Non-Invasive Mechanical Ventilation: How to Identify Response?
DOI:
https://doi.org/10.24950/rspmi/O/17/19/2/2019Keywords:
Noninvasive Ventilation, Respiratory Insufficiency/ therapy, Respiration, Artificial, Treatment OutcomeAbstract
Introduction: Noninvasive mechanical ventilation has been
established as a successful therapeutic option in respiratory
failure, as it reduces the complications associated with invasive mechanical ventilation and improves hospital survival.
Our objectives was to describe a population of patients who
needed noninvasive mechanical ventilation at an Intermediate Care Unit and identify possible predictive indicators of
response to therapy.
Methods: Prospective observational study conducted over 6
months that included patients with hypercapnic and/or hypoxemic respiratory failure which needed noninvasive mechanical ventilation.

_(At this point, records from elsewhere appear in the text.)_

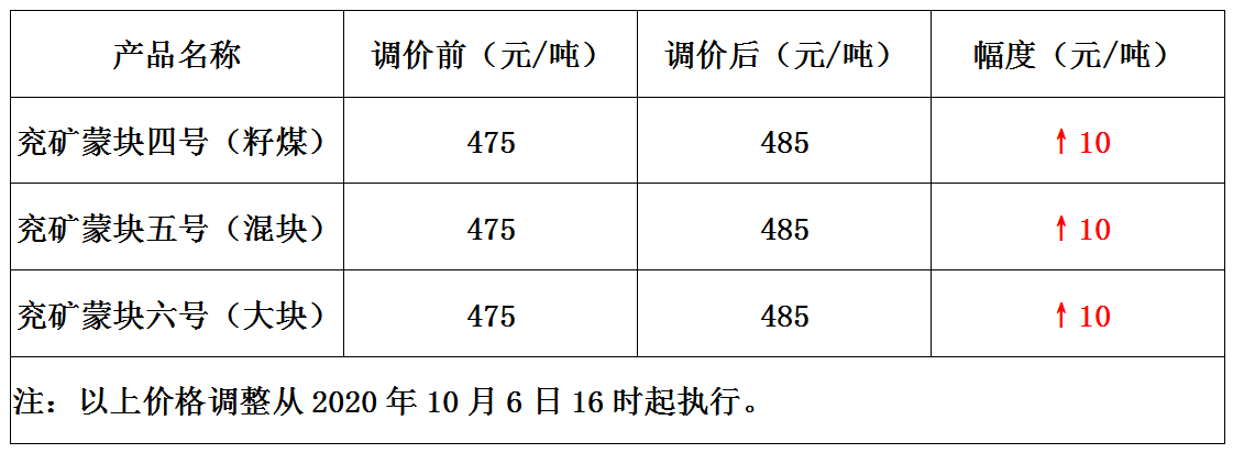 内蒙古石拉乌素煤矿10月6日上调煤价10元/吨
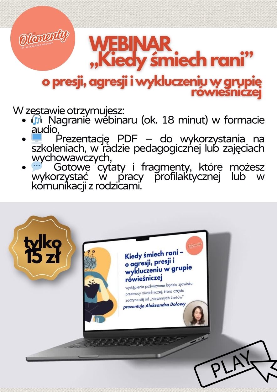 WEBINAR dla specjalistów „Kiedy śmiech rani” Jak rozpoznać i zatrzymać przemoc rówieśniczą w szkole15,00 zł -
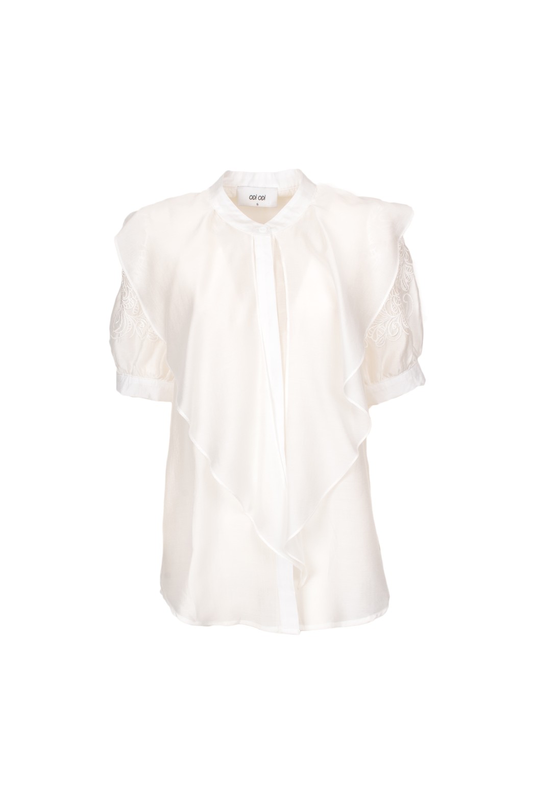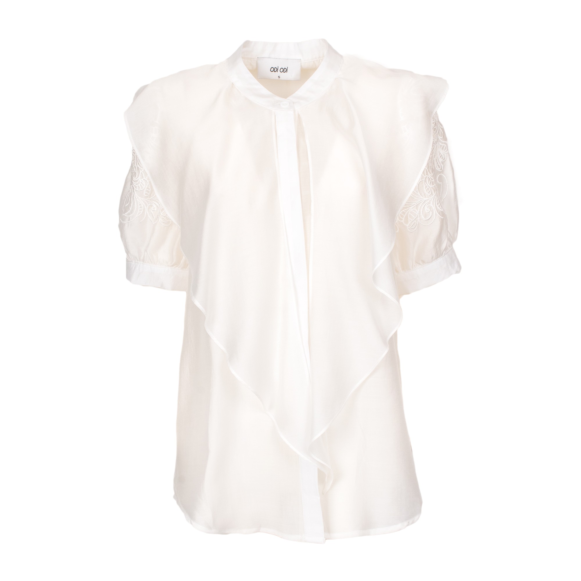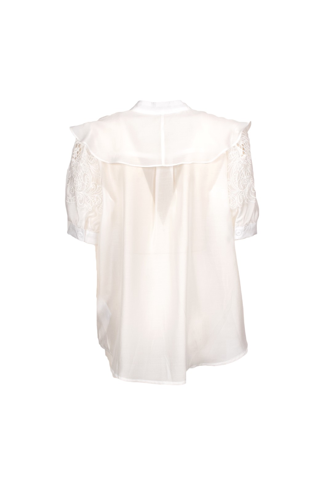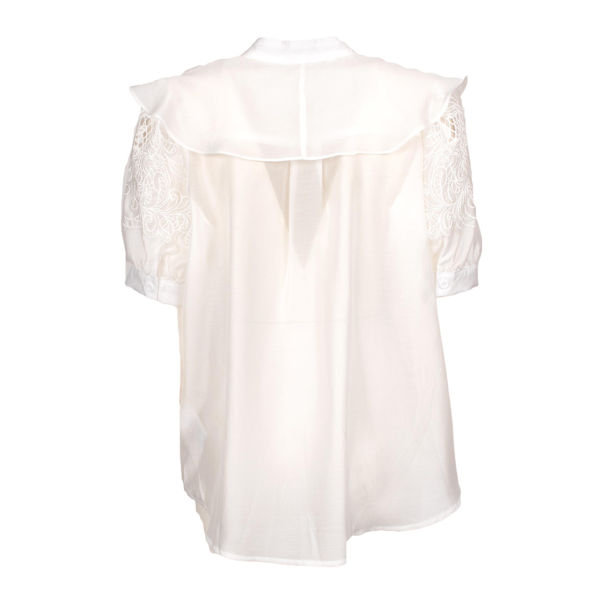 Camicia bianca dal design romantico e sofisticato, caratterizzata da linea fluida, mantellina con volant e maniche in pizzo ricamato che donano leggerezza e femminilità. Il collo alla coreana e la chiusura frontale nascosta completano il modello con un tocco elegante e ricercato. Perfetta per look raffinati, da giorno o per occasioni speciali.
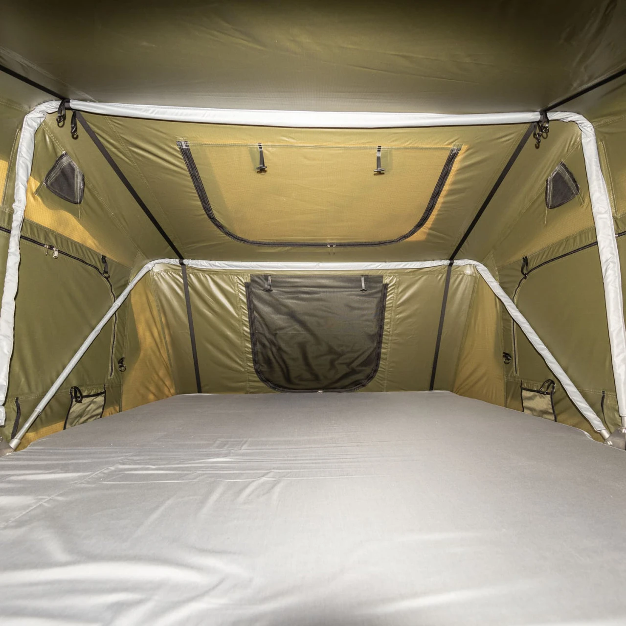 Damit kein Dreck in das Zelt gelangt, können zwei praktische und wetterfeste Aufbewahrungstaschen vor dem Eingang in die Kederleiste eingehängt werden, sodass das Schuhwerk ausgezogen werden und sicher und trocken draußen in der Tasche verweilen kann. Beim Zusammenpacken des Dachzelts können vier Schnüre über die Breite des Innenraums gespannt werden, die das Einpacken in das Cover erleichtern, indem sie dafür sorgen, dass die Zeltwände beim Zusammenfalten nach innen gezogen werden.
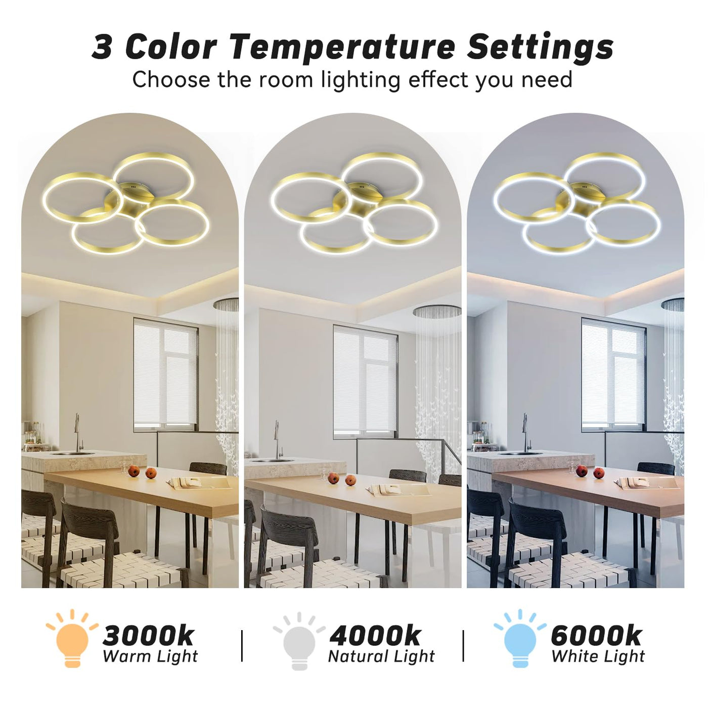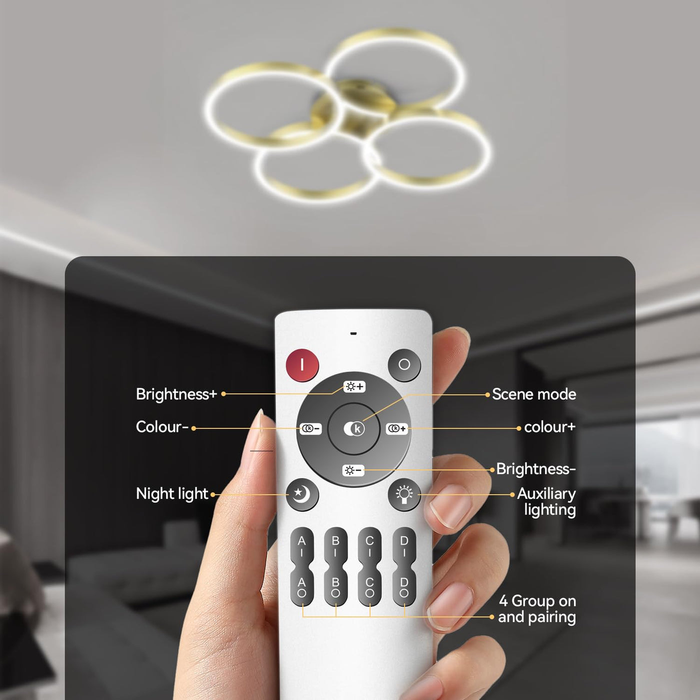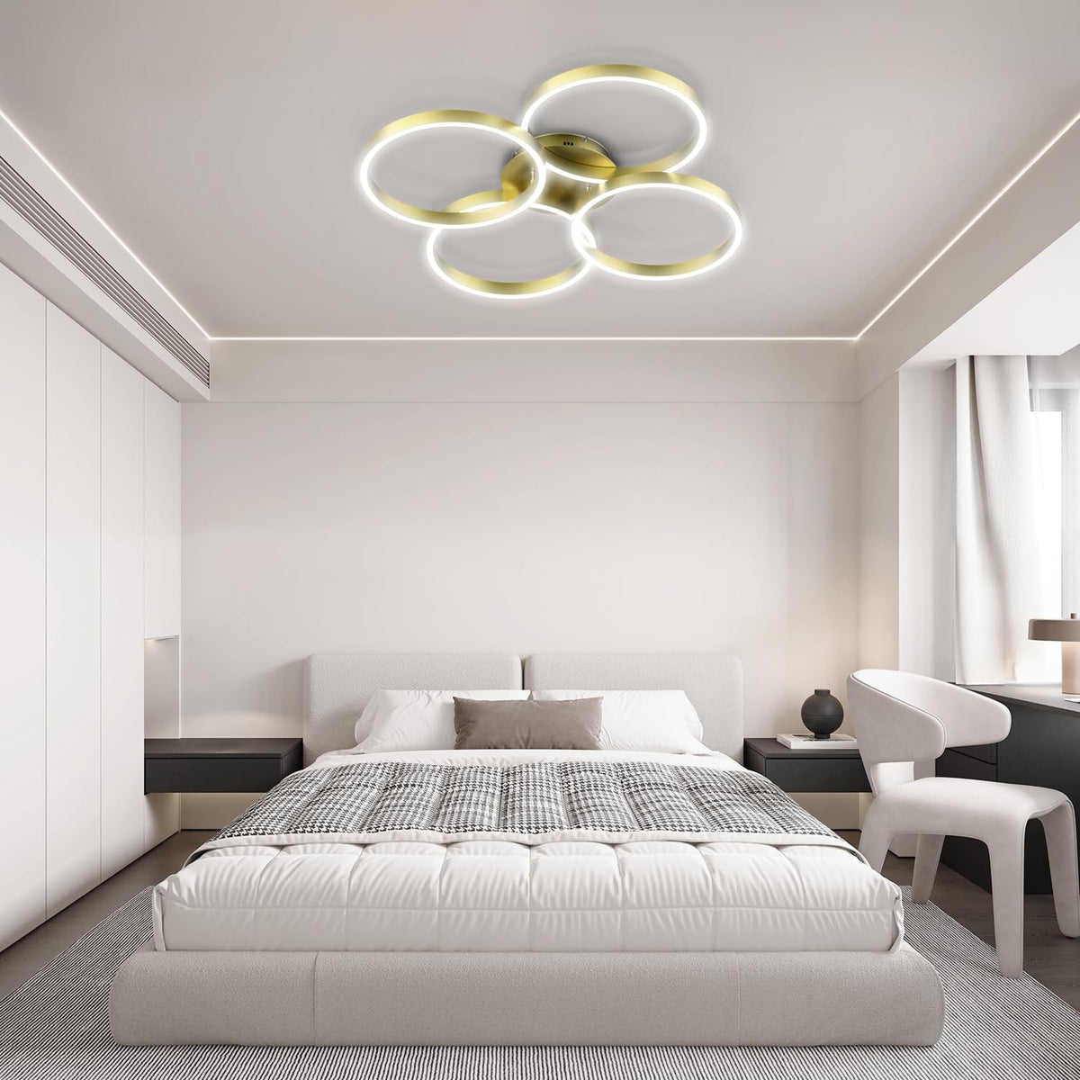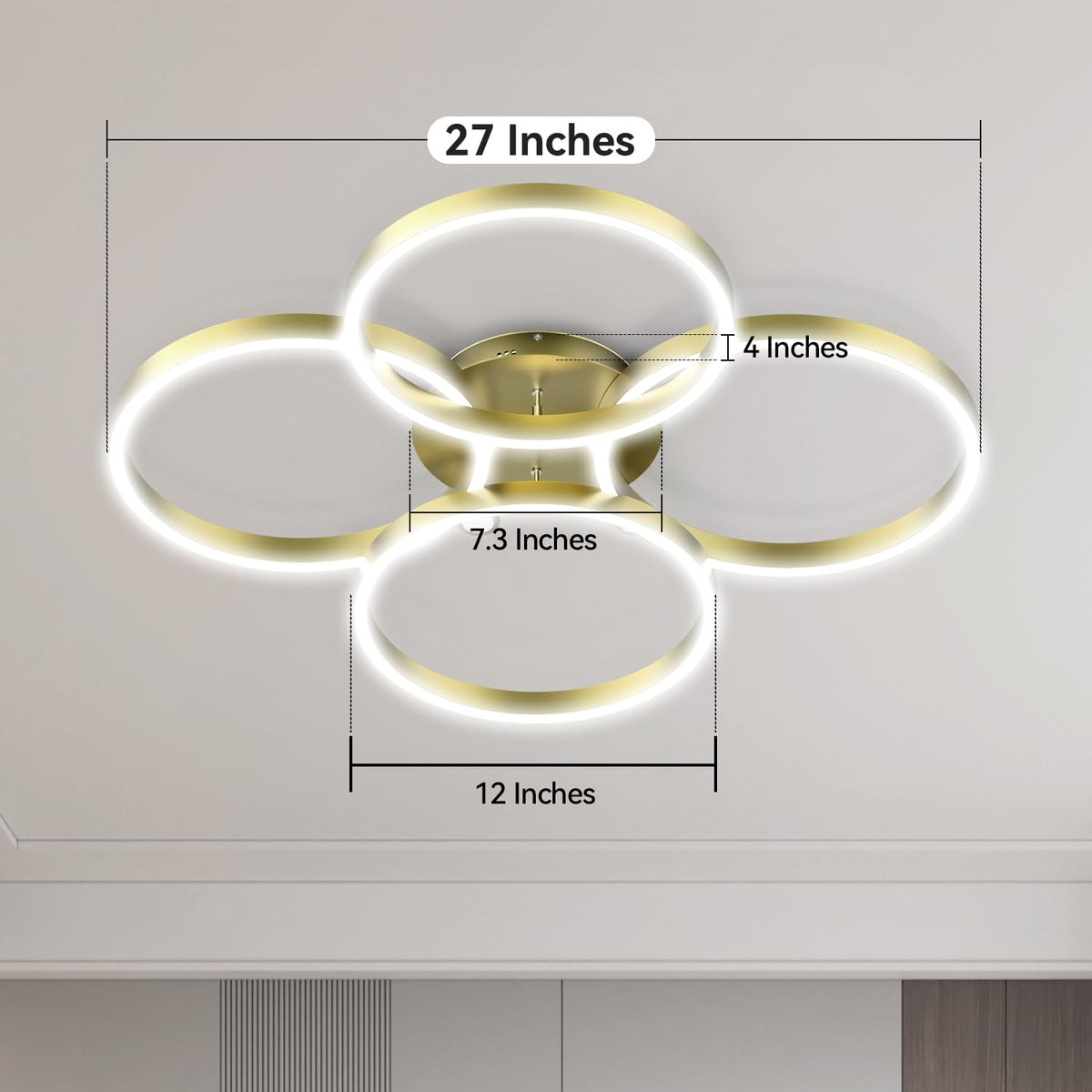 The ceiling light features a stylish four-ring geometric design in a sophisticated gold finish, making it an ideal addition to contemporary and traditional interiors alike. Crafted from well-made plastic, this fixture is not only durable but also lightweight for easy installation. Its modern aesthetic is complemented by advanced lighting technology, ensuring both beauty and practicality.
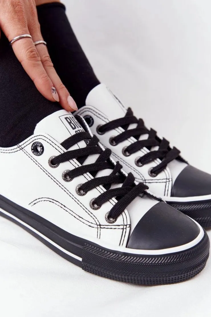 Damskie trampki polskiej marki BIG STAR. Klasyczna forma pasuje do wielu stylizacji. Buty dobrze dopasowują się do kształtu stopy, posiadają miękką, materiałową wkładkę oraz antypoślizgową podeszwę. Wykonane są z wysokiej jakości eko skóry. Koniecznie sprawdź całą naszą kolekcję butów BIG STAR. Przy wyborze rozmiaru prosimy sugerować się tabelą rozmiarów.
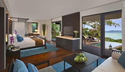 Elle profite d’une vue imprenable sur la mer et dispose d’un balcon privé meublé d’où vous pourrez vous détendre en savourant votre café. À noter que vous pourrez vous chouchouter avec les produits apaisants du Spa Anantara. À noter qu’un lit supplémentaire peut être installé.
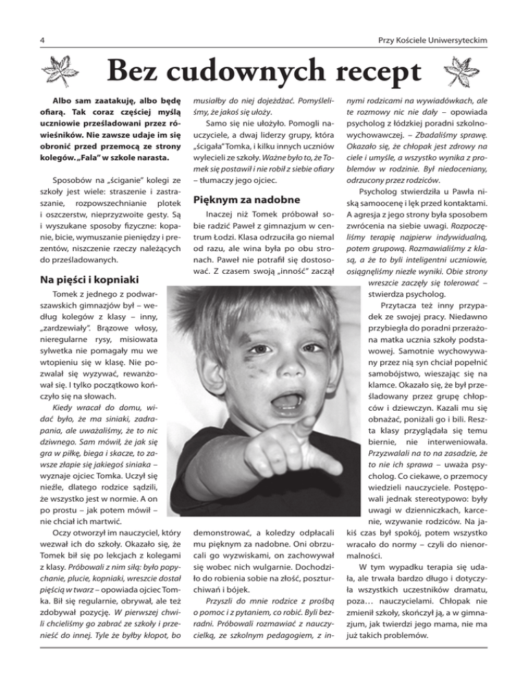 4 Przy Kościele Uniwersyteckim Bez cudownych recept Albo sam zaatakuję, albo będę ofiarą. Tak coraz częściej myślą uczniowie prześladowani przez rówieśników. Nie zawsze udaje im się obronić przed przemocą ze strony kolegów. „Fala” w szkole narasta. Sposobów na „ściganie” kolegi ze szkoły jest wiele: straszenie i zastraszanie, rozpowszechnianie plotek i oszczerstw, nieprzyzwoite gesty. Są i wyszukane sposoby fizyczne: kopanie, bicie, wymuszanie pieniędzy i prezentów, niszczenie rzeczy należących do prześladowanych. Na pięści i kopniaki Tomek z jednego z podwarszawskich gimnazjów był – według kolegów z klasy – inny, „zardzewiały”. Brązowe włosy, nieregularne rysy, misiowata sylwetka nie pomagały mu we wtopieniu się w klasę. Nie pozwalał się wyzywać, rewanżował się. I tylko początkowo kończyło się na słowach. Kiedy wracał do domu, widać było, że ma siniaki, zadrapania, ale uważaliśmy, że to nic dziwnego. Sam mówił, że jak się gra w piłkę, biega i skacze, to zawsze złapie się jakiegoś siniaka – wyznaje ojciec Tomka. Uczył się nieźle, dlatego rodzice sądzili, że wszystko jest w normie. A on po prostu – jak potem mówił – nie chciał ich martwić. Oczy otworzył im nauczyciel, który wezwał ich do szkoły. Okazało się, że Tomek bił się po lekcjach z kolegami z klasy. Próbowali z nim siłą: było popychanie, plucie, kopniaki, wreszcie dostał pięścią w twarz – opowiada ojciec Tomka. Bił się regularnie, obrywał, ale też zdobywał pozycję. W pierwszej chwili chcieliśmy go zabrać ze szkoły i przenieść do innej. Tyle że byłby kłopot, bo musiałby do niej dojeżdżać. Pomyśleliśmy, że jakoś się ułoży. Samo się nie ułożyło. Pomogli nauczyciele, a dwaj liderzy grupy, która „ścigała” Tomka, i kilku innych uczniów wylecieli ze szkoły. Ważne było to, że Tomek się postawił i nie robił z siebie ofiary – tłumaczy jego ojciec. Pięknym za nadobne Inaczej niż Tomek próbował sobie radzić Paweł z gimnazjum w centrum Łodzi. Klasa odrzuciła go niemal od razu, ale wina była po obu stronach. Paweł nie potrafił się dostosować. Z czasem swoją „inność” zaczął demonstrować, a koledzy odpłacali mu pięknym za nadobne. Oni obrzucali go wyzwiskami, on zachowywał się wobec nich wulgarnie. Dochodziło do robienia sobie na złość, poszturchiwań i bójek. Przyszli do mnie rodzice z prośbą o pomoc i z pytaniem, co robić. Byli bezradni. Próbowali rozmawiać z nauczycielką, ze szkolnym pedagogiem, z in- nymi rodzicami na wywiadówkach, ale te rozmowy nic nie dały – opowiada psycholog z łódzkiej poradni szkolnowychowawczej. – Zbadaliśmy sprawę. Okazało się, że chłopak jest zdrowy na ciele i umyśle, a wszystko wynika z problemów w rodzinie. Był niedoceniany, odrzucony przez rodziców. Psycholog stwierdziła u Pawła niską samoocenę i lęk przed kontaktami. A agresja z jego strony była sposobem zwrócenia na siebie uwagi. Rozpoczęliśmy terapię najpierw indywidualną, potem grupową. Rozmawialiśmy z klasą, a że to byli inteligentni uczniowie, osiągnęliśmy niezłe wyniki. Obie strony wreszcie zaczęły się tolerować – stwierdza psycholog. Przytacza też inny przypadek ze swojej pracy. Niedawno przybiegła do poradni przerażona matka ucznia szkoły podstawowej. Samotnie wychowywany przez nią syn chciał popełnić samobójstwo, wieszając się na klamce. Okazało się, że był prześladowany przez grupę chłopców i dziewczyn. Kazali mu się obnażać, poniżali go i bili. Reszta klasy przyglądała się temu biernie, nie interweniowała. Przyzwalali na to na zasadzie, że to nie ich sprawa – uważa psycholog. Co ciekawe, o przemocy wiedzieli nauczyciele. Postępowali jednak stereotypowo: były uwagi w dzienniczkach, karcenie, wzywanie rodziców. Na jakiś czas był spokój, potem wszystko wracało do normy – czyli do nienormalności. W tym wypadku terapia się udała, ale trwała bardzo długo i dotyczyła wszystkich uczestników dramatu, poza… nauczycielami. Chłopak nie zmienił szkoły, skończył ją, a w gimnazjum, jak twierdzi jego mama, nie ma już takich problemów.

Results: Thirty-four of 128 patients were identified, mean age
77 year-old, 71% male. Score SAPS II and average Charlson
index of 46 and 7, respectively. Twenty-two patients started
noninvasive mechanical ventilation at the Emergency Department, 6 at the unit and the remaining 6 at the Internal
Medicine ward. Main reasons for its introduction: acute cardiogenic lung edema (50%) and acute chronic obstructive
pulmonary disease (26%). The rate of therapeutic failure was
29%. After 24 hours of noninvasive mechanical ventilation,
the differences found between the response and the therapeutic failure group were statistically significant (pH 7.37
vs 7.32; p <0.05). Ph variation in the first few hours seems
to be associated with a better ability to predict noninvasive
mechanical ventilation response (0.894, p = 0.001).
Conclusion: Noninvasive mechanical ventilation reduces patient morbi/mortality through close clinical and arterial gasimetry monitoring. pH variation seems to be the best predictor of
response, allowing early recognition of therapeutic failure and
facilitating the use of other therapeutic options in advance.